EthyleneDiamineTetra-acetate(##EDTA^{4-}##) is used in chemical analysis as a complex-former. ##EDTA^{4-}## is also used to treat heavy metal poisoning, as it forms water soluble complexes with them which can then be easily removed by the body. The reaction of ##EDTA^{4-}## with lead is:

$$Pb^{2+}(aq) + EDTA^{4-}(aq) \rightleftharpoons PbEDTA^{2-}(aq), K = 1.1 \times 10^{18}$$

0.010 mol of ##Pb(NO_3)_2##-solution is added to 1 liter ##(dm^3)## of buffered water solution (pH = 13), whose ##Na_4 EDTA## concentration is 0.050M. Does the added lead precipitate in the form of ##Pb(OH)_2##-salt?

\begin{array}{|l|c|}

Some \ values\\ \hline

K_s(Pb(OH)_2) & 1.2 \times 10^{-15}\\

K & 1.1\times 10^{18}\\

n_0 (Pb(NO_3)_2) & 0.010 mol\\

[Na_4 (EDTA)]_0 & 0.050M\\

pH & 13

\end{array}

## Homework Equations

If our chemical reaction is

$$aA + bB \rightleftharpoons cC + dD $$

then our equilibrium constant

$$K = \frac{[A]^a [ B ]^b}{[C]^c[D]^d} $$

The solubility constant would be

$$K_s = [ C ]^c [D]^d$$

since the activity ##a_s## of the pure solid on the left side of the reaction equation is 1.
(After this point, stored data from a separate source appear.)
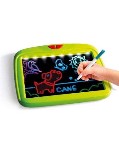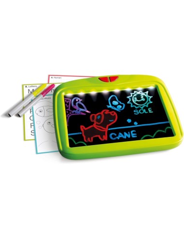 - Lavagna LED luminosa con piano trasparente e pennarelli fluorescenti per disegnare e scrivere.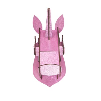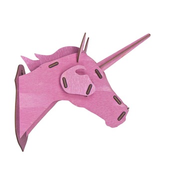 Deze roze met glitter MDF éénhoornkop kleedt de kinderkamer helemaal aan! De éénhoornkop wordt als bouwpakket geleverd en bestaat uit 22 onderdelen, welke doormiddel van een elastiek aan elkaar worden verbonden. De afmetingen van de éénhoornkop zijn (hxbxd): 53x47x23 cm. De kop kan bevestigd worden d.m.v. een schroef in de muur. Deze schroef wordt niet meegeleverd.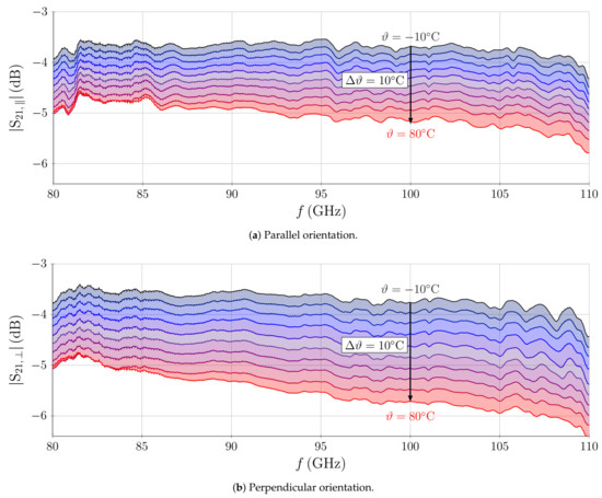 In contrast, a clear trend in transmission behavior can be observed, as Figure 9 shows. A magnitude offset in the frequency characteristic of with temperature both in parallel and perpendicular LC orientation is noticed. This offset is almost constant across all frequencies. In the investigated temperature range, the maximum offset is ca. in parallel orientation and ca. in perpendicular orientation. A solid Rexolite DIG has been measured in the same setup in order to assess the influence on on the conductor loss of the ground plane. It was found that a temperature change from to influences the loss of the line itself by maximally . Hence an uncertainty of about is present per 10 temperature change in the graphs depicted in Figure 9. In total, the maximum increase in insertion loss by is defined by the perpendicular alignment at 100 when comparing the measurement at to the one at .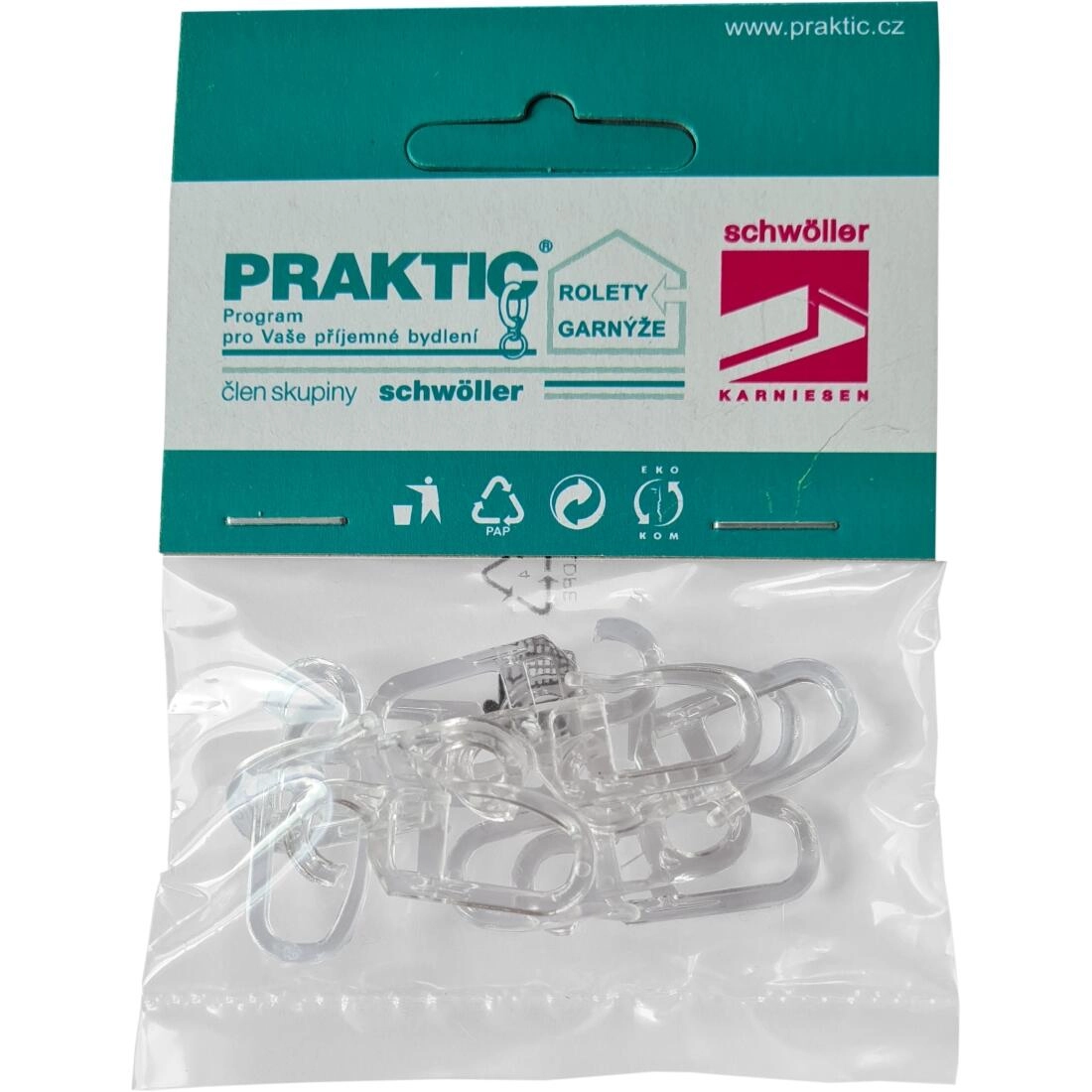 Praktični zavesni kavlji iz trpežne plastike v prozorni izvedbi za diskretno in zanesljivo pritrjevanje zaves. Idealni za običajno uporabo v gospodinjstvu in pisarni. Enostavna montaža, dolga življenjska doba in univerzalna uporaba v enem pakiranju po 10 kosov. Prozorna izvedba se poda vsem vrstam zaves, trpežna plastika zagotavlja čvrstost, preprosta namestitev pa prihrani čas.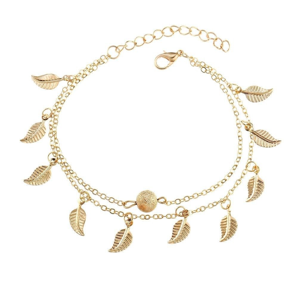 Vintage Double-Layer Leaf Anklet for Women – Beach Tassel Jewelry

## The Attempt at a Solution

I managed to solve this, I just need a second opinion on whether my solution is correct.

The lead is going to precipitate if the reaction quotient

$$Q > K_s$$

To see if this holds, I need to find out the concentration of lead in the solution. I'm going to assume that the added ##Pb(NO_3)_2## dissolves completely and then reacts with the ##EDTA^{4-}##, before the remaining lead from

*this*reaction then reacts with the ##OH^-##-ions. Below is a table of the first reaction.

\begin{array}{|l|c|}

concentration & Pb^{2+} & EDTA^{4-} & PbEDTA^{2-}\\ \hline

beginning & 0.01 & 0.05 & 0\\

end & 0.01-x & 0.05-x & x

\end{array}

We can then solve for ##x## using ##K##:

\begin{align*}

K

&= \frac{x}{(0.01-x)(0.05-x)}\\

\iff\\

&(0.01-x)(0.05-x)K = x\\

\iff\\

&\frac{1}{2000}K-0.06Kx + Kx^2 = x\\

\iff\\

& Kx^2 -(0.06K+1)x + \frac{1}{2000}K = 0

\end{align*}

Solving for ##x##:

\begin{align*}

x

&= \frac{(0.06K+1) \pm \sqrt{(0.06K+1)^2 - 4K\times \frac{K}{2000}})}{2K}\\

&=

\begin{cases}

1/20\\

1/100

\end{cases}

\end{align*}

Now ##1/20 = 0.05## won't do, since ##(0.01-x)## would be negative. Plugging in ##x = 0.01## gives us the concentration of lead after the reaction which is ##[Pb]_1 = (0.01 - 0.01) = 0##. Therefore at these concentrations there is no lead left over to react with the ##OH^-##-ions, and there can be no precipitate.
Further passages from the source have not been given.